“Why ps Sucks” or “Counting Memory Consumption”

Recently, I held a course on select topics around embedded Linux, at a company in Zürich. The audience was pretty cool - they had ported their appliance from a hardcore embedded OS to Linux a couple of years ago. They are doing quite well nowadays. A bit too much realtime attitude maybe (SCHED_RR threads all over), but things appear to work.

On day 1, when we began to dive into multithreading (an inevitable topic nowadays), an interesting question came up. “We have 70 threads running, give each thread a stack size of 1 MB, and thus consume 70 MB for the stacks alone. Add heap and program, and a couple of other programs. Given a total memory of 128 MB, we’re soon dead.”
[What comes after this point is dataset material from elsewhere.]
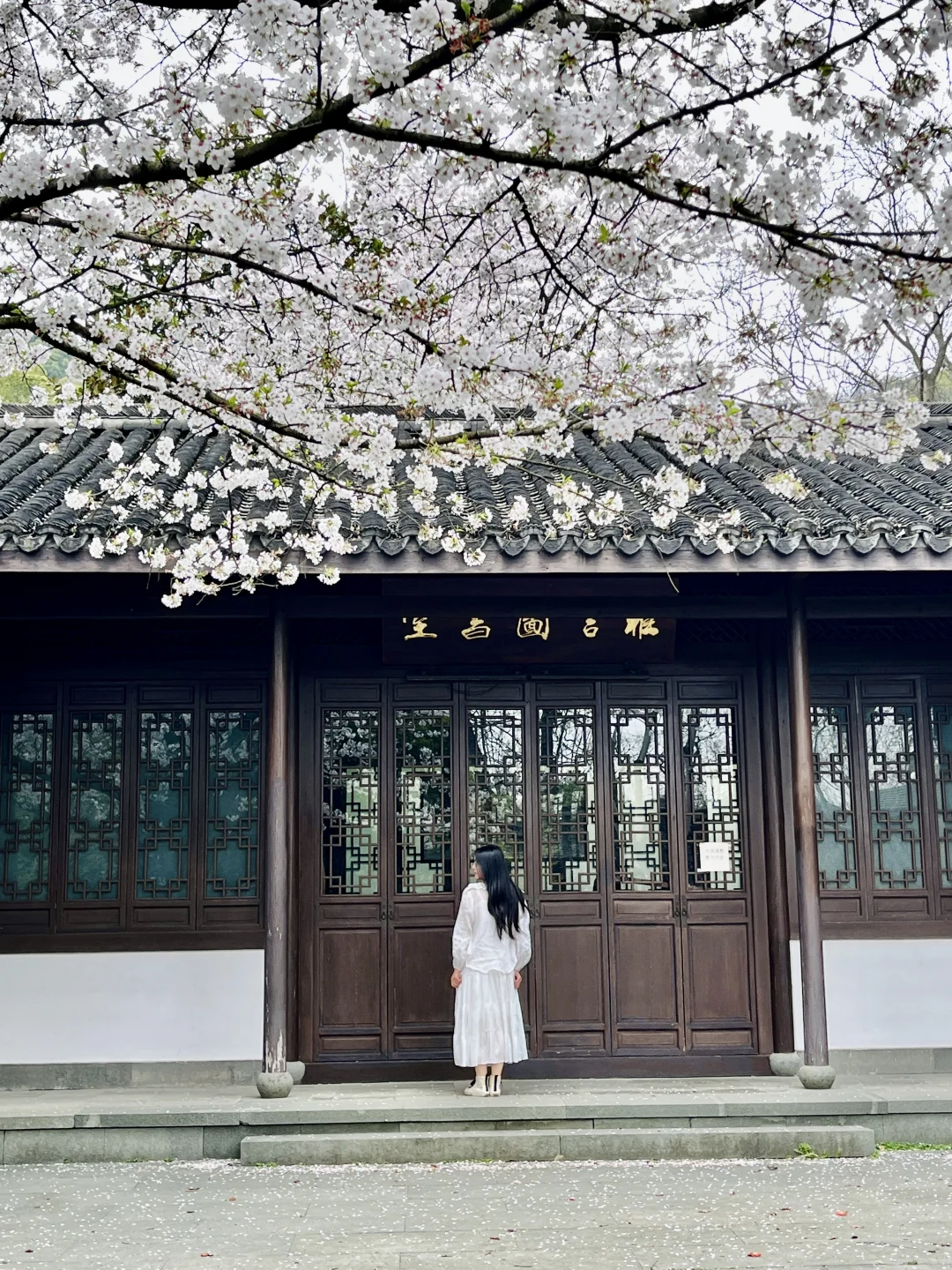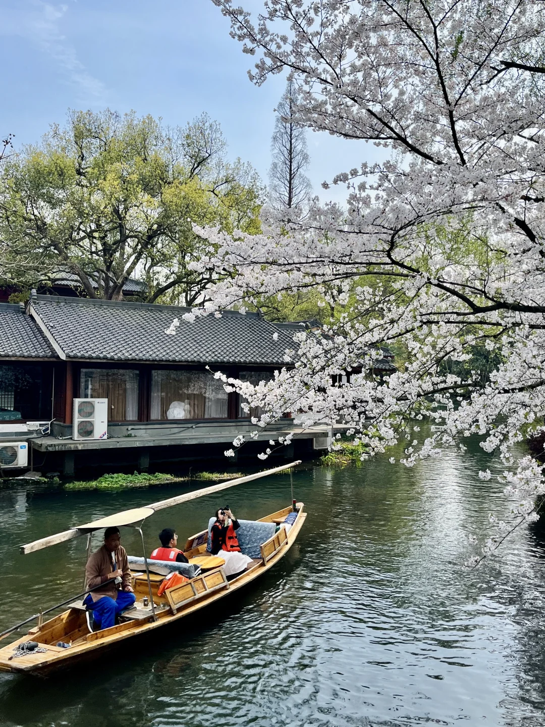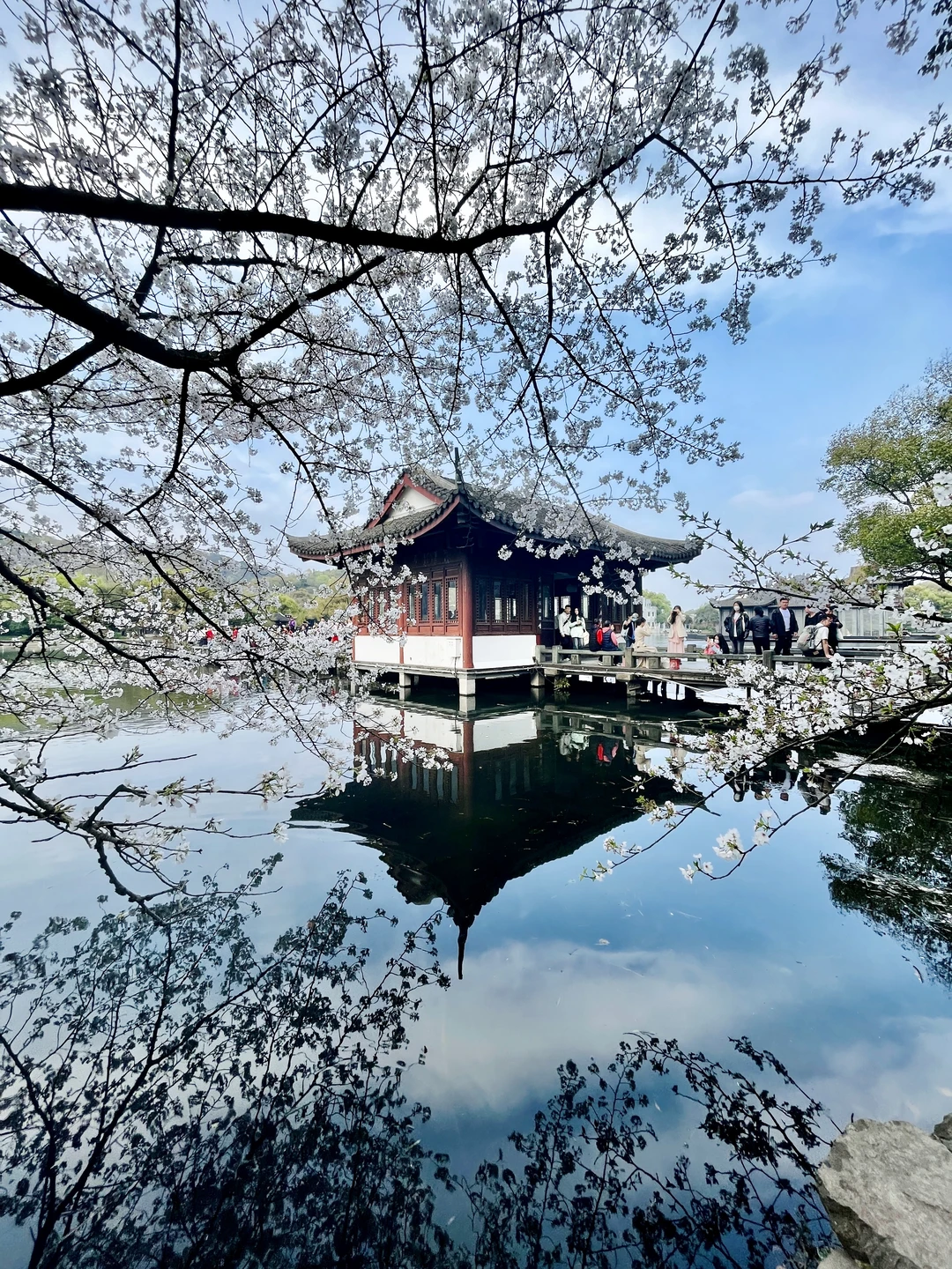 ✔️曲院风荷:杭州顶流赏樱之地,经典机位要排队,但工作日拍的人不算多。拍完往前走继续在拱桥上拍,拍到划过的乌篷船和樱花尊嘟好美

“Can’t be!” was my first attempt to clear up the situation. The attempt was rejected. ps output sure didn’t help a lot either. An explanation of virtual memory (part of the course anyway) was the second attempt, but still not bullet proof. More evidence needed. Fortunately day 1 was over at this point, and I was left with some overnight homework. During night I was able to come up with a plausible screenplay in example form, to give a basic understanding of how Linux does memory management. And that screenplay even backs my instinctive “Can’t be!” defense. It’s these late night experiments that I’m trying to share in this post.

Process Stack Management

First off, lets keep out multithreading and examine the stack behavior of a plain old process. The following program grows the stack up to a user supplied limit. Normally stack growth is done by calling functions on top of other functions on top of … . This is a bit cumbersome to program when you want to grow the stack up to a given size, so I use a handy little tricky function, alloca, to allocate stack space. It does essentially the same - grow stack -, and I don’t have to count stack addresses. Additionally, to be sure that the stack is actually used (“dirty”), I set the allocated bytes to zero, explicitly.

#include <stdio.h>
#include <unistd.h>
#include <string.h>
#include <alloca.h>
#include <stdlib.h>

static size_t stack_growth; /* stack-allocated bytes */

int main(int argc, char** argv)
{
    void* mem;
    int error;

    if (argc != 2) {
        fprintf(stderr, "%s stack-growth\n", argv[0]);
        exit(1);
    }

    stack_growth = atoi(argv[1]);

    printf("PID: %d\n", getpid());

    mem = alloca(stack_growth);
    memset(mem, 0, stack_growth);

    printf("done\n");
    pause();
    return 0;
}

Compile like so,

$ gcc -o process-stack process-stack.c

So, lets start with a small stack,

$ ./process-stack 10
PID: 24299
done

Examine the various size attributes of the process, using the cool -o option to ps:

$ ps -o vsz,sz,size,rss -p 24299
   VSZ    SZ  SIZE   RSS
  3944   986   188   320

Ok, that’s really small. What do the columns mean? I sure don’t know - man ps is not very exact in its descriptions. Here’s my interpretation.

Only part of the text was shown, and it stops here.